En juin 1944, sentant le vent tourner, ce collaborationniste quitte Paris dans la précipitation. Direction l’Allemagne, où il n’a pas la possibilité d’emporter ses inédits.

Des résistants s’emparent de ces 6000 feuillets. Leur sort reste inconnu pendant une soixantaine d’années, jusqu’à ce qu’ils soient donnés à un ancien journaliste, Jean-Pierre Thibaudat, qui contacte les ayants droit.

Ceux-ci, l’avocat François Gibault et une autre proche de l’épouse de Céline, Véronique Robert-Chovin, n’ont pas voulu travailler avec lui.
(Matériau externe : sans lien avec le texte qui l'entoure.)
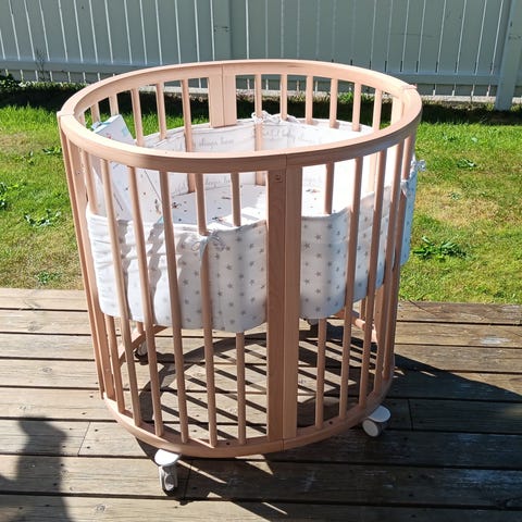 Stokke Sprinkelseng i den minste versjonen selges, egnes for bruk fra 0-6mnd! Den har et rundt design med hvit farge. Egnet for baby og har hjul for enkel flytting. Sengen har noen små skraper etter montering og bruk, har kun blitt brukt i 4 måneder av oss!
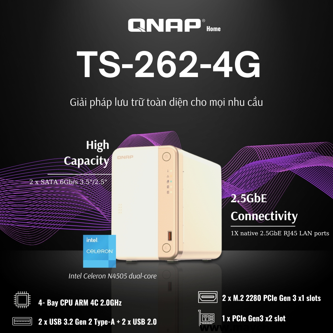 Thiết bị 2-bay desktop NAS này được thiết kế để cung cấp một giải pháp lưu trữ mạnh mẽ và linh hoạt, phù hợp cho gia đình hoặc văn phòng nhỏ. Với bộ vi xử lý Intel Celeron N4505, thiết bị này cung cấp hiệu suất tốt cho các tác vụ lưu trữ, chia sẻ tệp tin, và quản lý dữ liệu trong một thiết kế nhỏ gọn và tiết kiệm năng lượng.
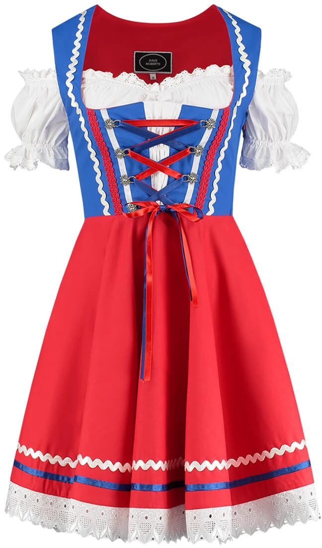Deze vrolijke dirndl met zeer populair design is uitstekend geschikt voor elk oktoberfest.

Et M. Thibaudat est contraint de remettre les manuscrits à la police, a expliqué à la radio Europe 1 son avocat, Emmanuel Pierrat.
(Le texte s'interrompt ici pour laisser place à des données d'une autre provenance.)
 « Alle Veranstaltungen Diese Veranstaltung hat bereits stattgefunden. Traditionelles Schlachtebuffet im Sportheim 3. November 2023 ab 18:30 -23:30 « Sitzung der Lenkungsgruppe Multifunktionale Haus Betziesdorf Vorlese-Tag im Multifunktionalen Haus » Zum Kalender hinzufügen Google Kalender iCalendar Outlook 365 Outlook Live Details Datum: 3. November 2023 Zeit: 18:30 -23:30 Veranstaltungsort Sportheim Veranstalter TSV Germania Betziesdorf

Gallimard est déterminé à publier ces inédits avant que toute l’œuvre de Céline ne tombe dans le domaine public, en 2032. « Le travail doit être mené de façon très scrupuleuse », dit alors le PDG de la maison d’édition, Antoine Gallimard.

Guerre est le premier de la série à sortir. Dans la chronologie du narrateur et protagoniste, cette suite à Mort à crédit (1936) précède Londres, plus long, à paraître à l’automne.

Le roman « a été transcrit d’après un manuscrit de premier jet, le seul connu. […] Le texte présenté ici en restitue le dernier état de rédaction », écrit dans une « note sur l’édition » l’historien Pascal Fouché.

« Céline écrit beaucoup en abrégé. Avec l’habitude, on arrive à déchiffrer, mais il rature, réécrit entre les lignes et ce sont souvent des petits ajouts qui sont très difficiles voire impossibles à lire », explique-t-il à l’AFP. Certains mots ou passages sont donc entre crochets.

« C’est écrit très vite, au fil de la plume. Il laisse des blancs, il y a des répétitions, il y a des maladresses qu’il aurait forcément corrigées à la relecture. Il n’y a pas de ponctuation ou très peu. Il n’y a pas de paragraphes », ajoute-t-il.

Gallimard en a ajouté, conformément aux habitudes de l’écrivain, plutôt que de retranscrire ad litteram le flot continu du premier jet.

Dans le contenu, le romancier tenait une ébauche très réussie. Pourquoi ne l’a-t-il jamais publiée lui-même ? « On ne peut faire que des hypothèses », d’après Pascal Fouché.

Après l’effort qu’a nécessité Mort à crédit, fraîchement accueilli par la critique, Céline, préoccupé par la dégradation du climat politique, fait une pause dans son œuvre romanesque pour devenir pamphlétaire antisémite en 1937.

Il retournera au roman sous l’Occupation, avec Guignol’s Band. « Mais à ce moment-là, est-ce qu’il a envie de revenir sur l’autre guerre ? », se demande l’historien.

Autre problème : Guerre, au contenu sexuel très explicite, heurte la morale de l’époque. « Son éditeur lui avait caviardé des mots trop crus dans Mort à crédit. Céline n’avait peut-être pas envie que ça se répète », suppose Pascal Fouché.